#### The data:
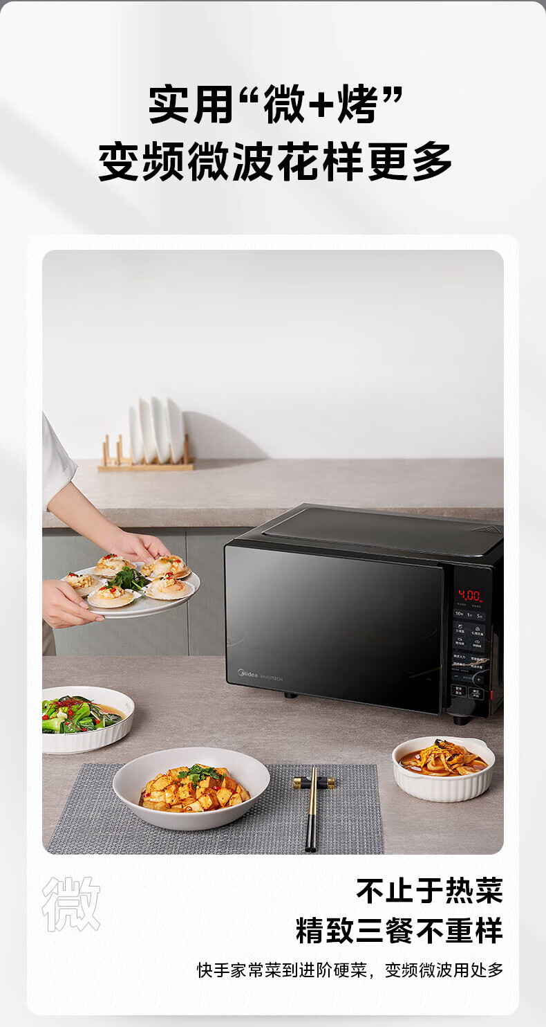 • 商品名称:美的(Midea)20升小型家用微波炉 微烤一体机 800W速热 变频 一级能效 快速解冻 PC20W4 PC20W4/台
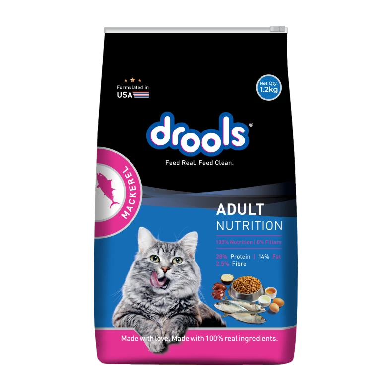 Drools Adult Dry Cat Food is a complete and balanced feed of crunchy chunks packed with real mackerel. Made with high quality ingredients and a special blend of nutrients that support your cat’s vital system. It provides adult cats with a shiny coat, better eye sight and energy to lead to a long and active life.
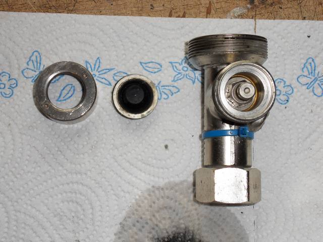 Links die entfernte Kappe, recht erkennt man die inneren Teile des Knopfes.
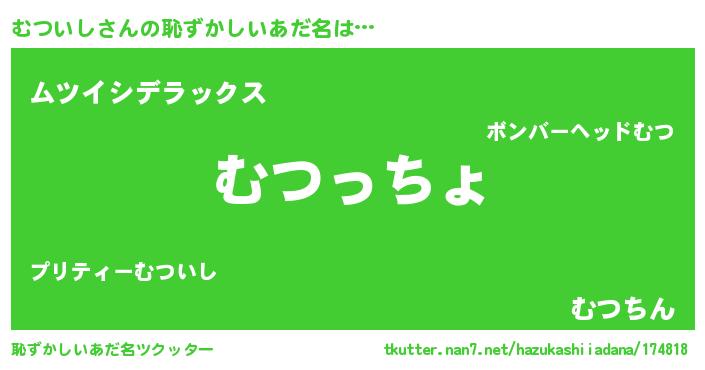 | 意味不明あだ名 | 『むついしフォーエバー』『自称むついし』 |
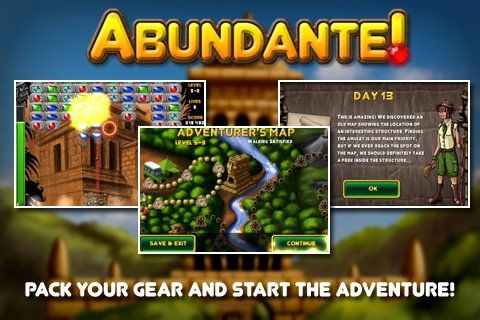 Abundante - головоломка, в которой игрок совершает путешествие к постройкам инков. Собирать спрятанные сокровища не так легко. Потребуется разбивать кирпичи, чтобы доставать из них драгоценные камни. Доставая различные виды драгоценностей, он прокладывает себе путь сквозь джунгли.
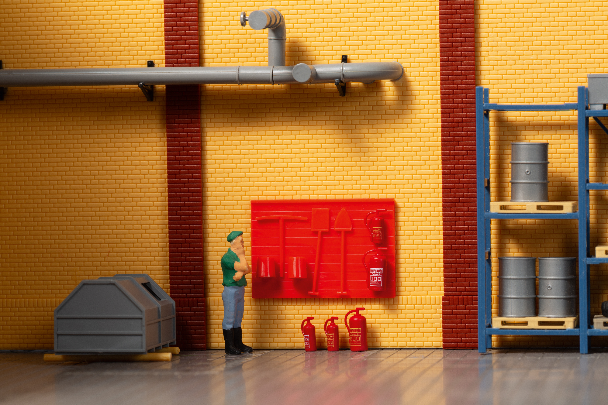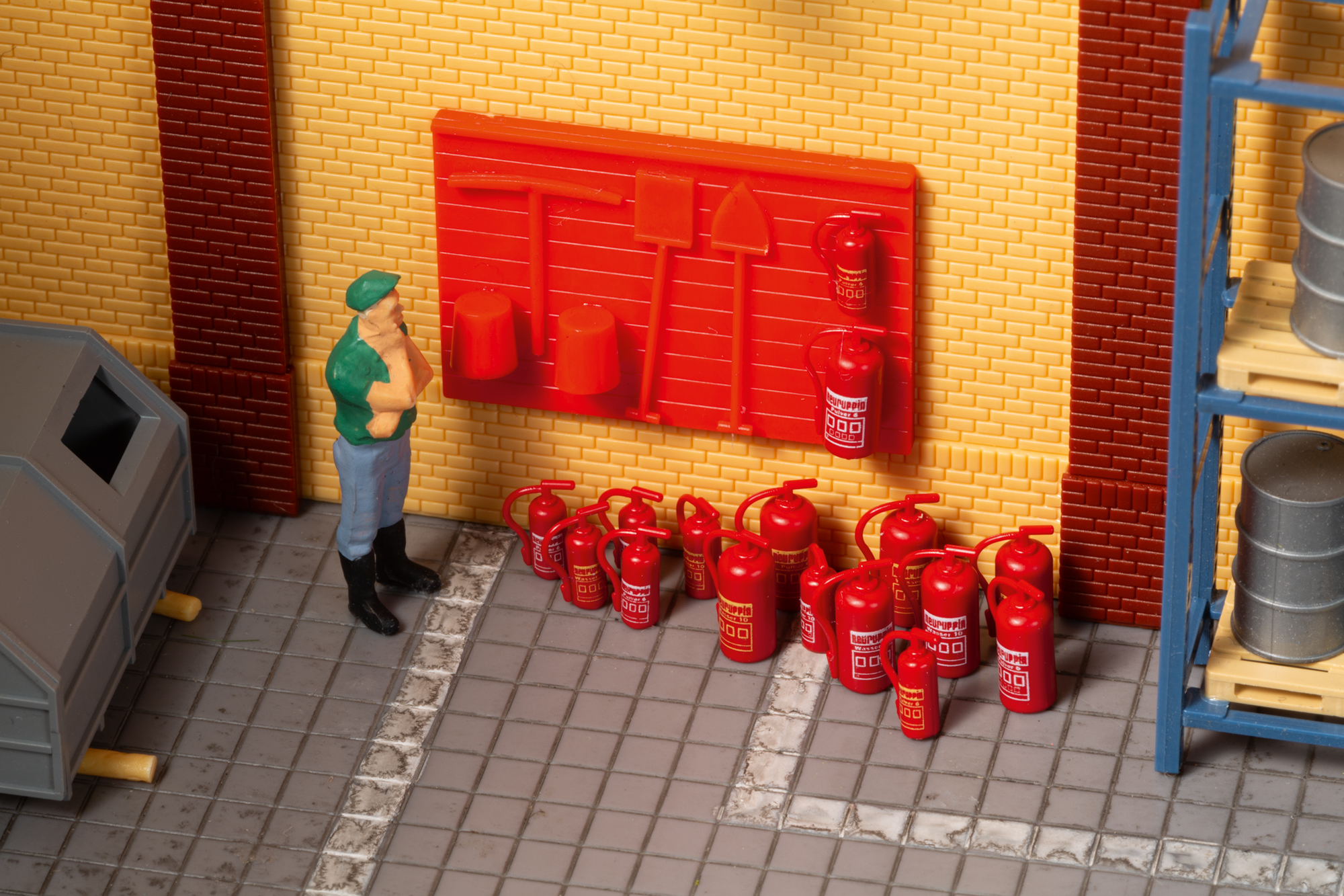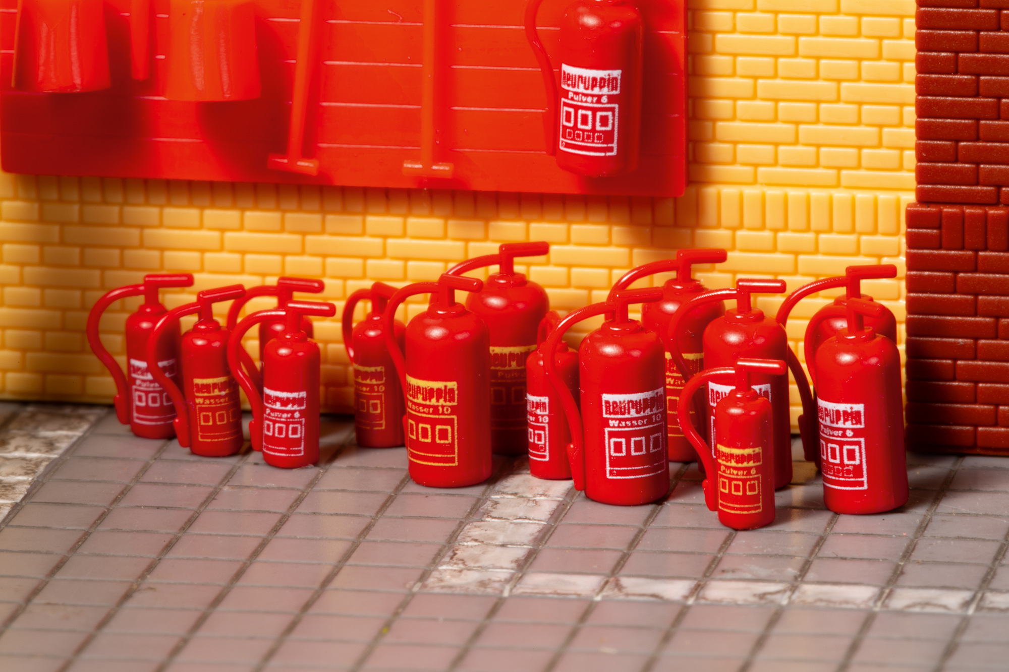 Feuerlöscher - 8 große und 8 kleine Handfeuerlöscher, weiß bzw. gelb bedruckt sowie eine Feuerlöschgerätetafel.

#### What to produce:
Every record above must be copied exactly; none of the pictures belong in the copy.

#### Final answer:
 • 商品名称:美的(Midea)20升小型家用微波炉 微烤一体机 800W速热 变频 一级能效 快速解冻 PC20W4 PC20W4/台
 Drools Adult Dry Cat Food is a complete and balanced feed of crunchy chunks packed with real mackerel. Made with high quality ingredients and a special blend of nutrients that support your cat’s vital system. It provides adult cats with a shiny coat, better eye sight and energy to lead to a long and active life.
 Links die entfernte Kappe, recht erkennt man die inneren Teile des Knopfes.
 | 意味不明あだ名 | 『むついしフォーエバー』『自称むついし』 |
 Abundante - головоломка, в которой игрок совершает путешествие к постройкам инков. Собирать спрятанные сокровища не так легко. Потребуется разбивать кирпичи, чтобы доставать из них драгоценные камни. Доставая различные виды драгоценностей, он прокладывает себе путь сквозь джунгли.
 Feuerlöscher - 8 große und 8 kleine Handfeuerlöscher, weiß bzw. gelb bedruckt sowie eine Feuerlöschgerätetafel.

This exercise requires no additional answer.